— AIM OF THE TASK —
Take the material below and extract the lines from the one with "RENAが得意のパンチで攻め込む" through the one with "在本设计中进行了塑件工艺性分", word for word, without pictures.

— DATA —
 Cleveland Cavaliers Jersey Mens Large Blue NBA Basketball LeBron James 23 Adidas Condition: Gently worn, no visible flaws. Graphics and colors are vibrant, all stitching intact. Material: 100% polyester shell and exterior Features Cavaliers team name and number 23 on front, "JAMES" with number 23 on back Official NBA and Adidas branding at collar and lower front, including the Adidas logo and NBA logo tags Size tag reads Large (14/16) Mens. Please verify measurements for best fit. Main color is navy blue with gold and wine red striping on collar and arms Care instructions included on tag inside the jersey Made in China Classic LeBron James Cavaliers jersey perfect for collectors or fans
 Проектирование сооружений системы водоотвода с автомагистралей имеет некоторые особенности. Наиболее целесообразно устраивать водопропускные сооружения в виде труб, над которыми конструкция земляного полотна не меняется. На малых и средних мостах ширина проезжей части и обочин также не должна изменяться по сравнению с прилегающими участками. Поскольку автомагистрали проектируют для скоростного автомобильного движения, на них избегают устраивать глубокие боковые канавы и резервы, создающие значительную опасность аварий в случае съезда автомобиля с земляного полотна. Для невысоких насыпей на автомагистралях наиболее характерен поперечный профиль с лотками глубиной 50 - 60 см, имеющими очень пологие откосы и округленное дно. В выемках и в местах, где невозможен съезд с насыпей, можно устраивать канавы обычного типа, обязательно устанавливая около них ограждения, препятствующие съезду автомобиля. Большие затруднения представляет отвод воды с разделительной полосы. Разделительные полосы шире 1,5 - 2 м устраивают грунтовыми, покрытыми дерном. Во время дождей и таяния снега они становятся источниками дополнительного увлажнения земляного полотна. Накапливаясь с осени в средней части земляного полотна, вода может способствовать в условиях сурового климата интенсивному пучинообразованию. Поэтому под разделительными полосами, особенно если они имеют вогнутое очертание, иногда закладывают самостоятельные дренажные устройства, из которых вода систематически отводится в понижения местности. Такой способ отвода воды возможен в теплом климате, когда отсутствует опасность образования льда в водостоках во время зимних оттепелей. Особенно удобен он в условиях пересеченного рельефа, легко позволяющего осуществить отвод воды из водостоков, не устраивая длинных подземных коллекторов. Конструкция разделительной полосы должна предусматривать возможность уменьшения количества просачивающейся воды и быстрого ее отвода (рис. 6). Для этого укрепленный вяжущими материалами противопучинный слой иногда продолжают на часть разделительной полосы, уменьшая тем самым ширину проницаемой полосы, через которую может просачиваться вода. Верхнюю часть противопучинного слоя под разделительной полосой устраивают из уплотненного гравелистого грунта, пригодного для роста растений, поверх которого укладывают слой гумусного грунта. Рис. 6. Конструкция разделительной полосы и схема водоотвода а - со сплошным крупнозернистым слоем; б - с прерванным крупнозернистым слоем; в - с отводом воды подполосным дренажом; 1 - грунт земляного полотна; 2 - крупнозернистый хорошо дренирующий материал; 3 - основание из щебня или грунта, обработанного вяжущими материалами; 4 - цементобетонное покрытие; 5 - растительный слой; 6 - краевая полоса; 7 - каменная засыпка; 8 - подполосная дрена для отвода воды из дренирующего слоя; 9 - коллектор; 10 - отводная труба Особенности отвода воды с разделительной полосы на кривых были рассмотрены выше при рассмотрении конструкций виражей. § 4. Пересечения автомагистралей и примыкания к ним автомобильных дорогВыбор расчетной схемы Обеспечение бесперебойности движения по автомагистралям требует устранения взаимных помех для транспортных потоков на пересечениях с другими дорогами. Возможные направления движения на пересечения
...
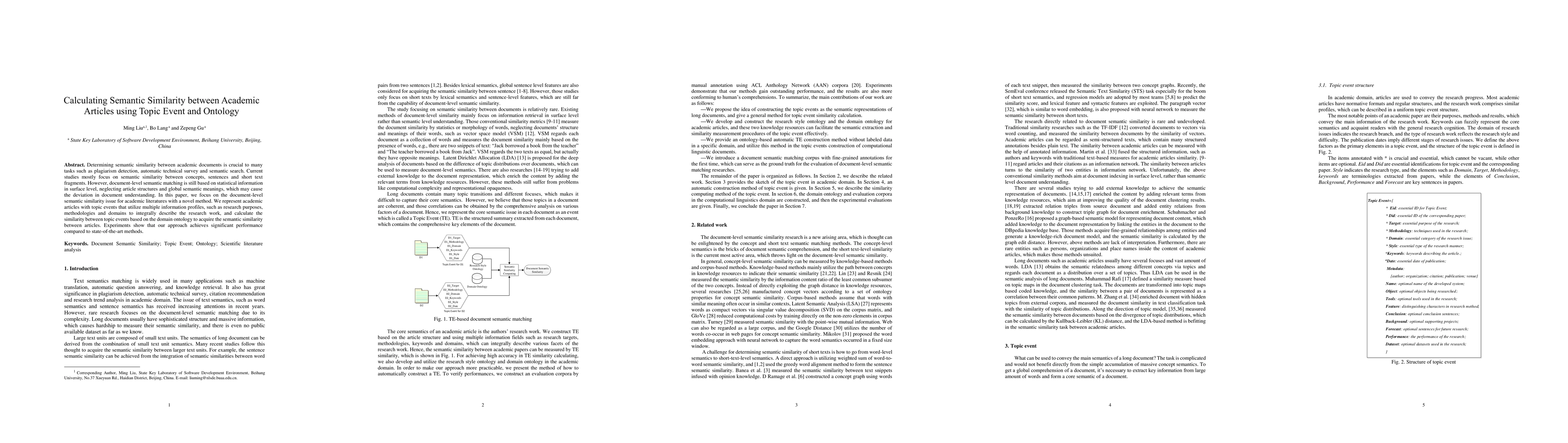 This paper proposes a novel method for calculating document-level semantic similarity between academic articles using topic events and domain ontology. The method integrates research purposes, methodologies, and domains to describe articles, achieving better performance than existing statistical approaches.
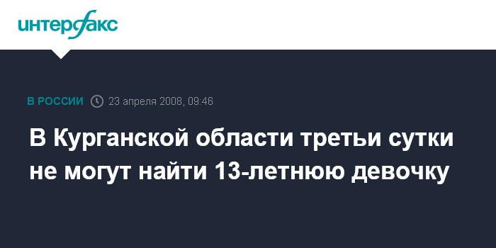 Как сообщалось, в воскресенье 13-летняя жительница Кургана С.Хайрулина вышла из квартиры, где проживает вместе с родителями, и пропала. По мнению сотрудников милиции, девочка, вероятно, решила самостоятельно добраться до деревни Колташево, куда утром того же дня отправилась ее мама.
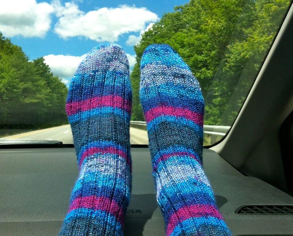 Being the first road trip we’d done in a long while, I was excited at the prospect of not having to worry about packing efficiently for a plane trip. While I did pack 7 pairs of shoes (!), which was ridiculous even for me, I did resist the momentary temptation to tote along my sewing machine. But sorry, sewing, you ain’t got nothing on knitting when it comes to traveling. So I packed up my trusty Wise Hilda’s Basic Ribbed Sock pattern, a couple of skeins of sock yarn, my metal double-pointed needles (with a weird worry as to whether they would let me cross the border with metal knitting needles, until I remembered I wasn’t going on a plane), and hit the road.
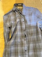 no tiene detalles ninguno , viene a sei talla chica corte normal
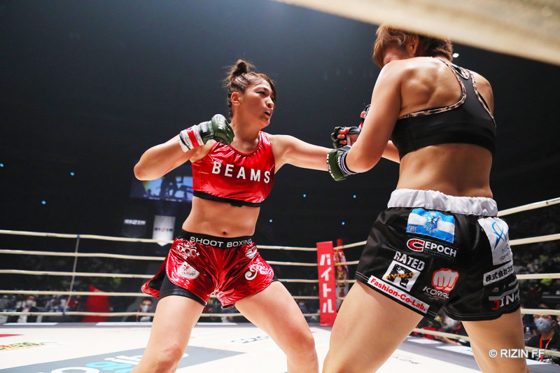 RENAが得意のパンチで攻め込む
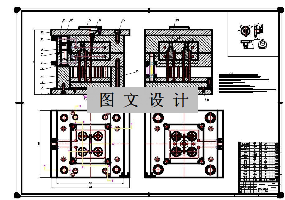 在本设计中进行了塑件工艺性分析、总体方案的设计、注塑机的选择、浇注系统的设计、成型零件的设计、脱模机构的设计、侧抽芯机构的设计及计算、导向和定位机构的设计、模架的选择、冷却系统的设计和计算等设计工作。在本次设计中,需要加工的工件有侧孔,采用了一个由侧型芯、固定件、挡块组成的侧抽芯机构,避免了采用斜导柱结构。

— ANSWER SECTION —
 RENAが得意のパンチで攻め込む
 在本设计中进行了塑件工艺性分析、总体方案的设计、注塑机的选择、浇注系统的设计、成型零件的设计、脱模机构的设计、侧抽芯机构的设计及计算、导向和定位机构的设计、模架的选择、冷却系统的设计和计算等设计工作。在本次设计中,需要加工的工件有侧孔,采用了一个由侧型芯、固定件、挡块组成的侧抽芯机构,避免了采用斜导柱结构。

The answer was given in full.